Thanks, Starsky. I talked to H last nigth about his absence and asked him to inform me his schedule in advance for the best of our kids. But he denied in a very defensive and rude way. He said he doesn't need to and if I don't want to take care of the kids, he can have full custody. But in the meantime he also said he wants to move out so he can focus on his work since he was ver busy lately. I know it is an excuse, and It sounds so unreasonable and inresponsible. How can he have enough time to take care of kids while he is busy at work and meeting the OW? Anyway, H doesn't want to have the boundries. Though he claims he can take care of kids very well all by himself, but the reality is He even didn't have time to cook for them. He always let them eat fast food, and rarely checked their homework when I was not home. Most of the time I did the everything. How should I deal with him?
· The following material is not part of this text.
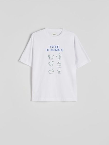 T-shirt o luźnym kroju, wykonany z bawełnianej dzianiny.
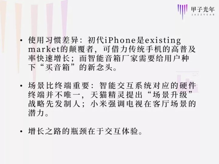 从以上表格的简单对比来看,iPhone成功的一个关键是供给端的完善,以及在使用习惯上,有前辈功能机为它铺路;而智能音箱则在向消费者普及新概念、改善生态和提供更极致的交互体验上,面临更多挑战。

You don't. You tell him "Look, I have no desire to control you, but the fact of the matter is the kids need some structure and stability in their lives, and a monthly parenting plan gives them that. If you don't believe me, ask any good family therapist that you trust. In any event, let me know when you're ready to do that, because I'm not going to waver on this point."
And then stick to your boundary. He WILL test it -- repeatedly, I suspect, because I'm guessing that you have a pretty strong history of never enforcing them (or maybe not trying to even set them up to begin with).
Once he realizes you're serious about this, he will work with you to set up a parenting plan that's best for your kids.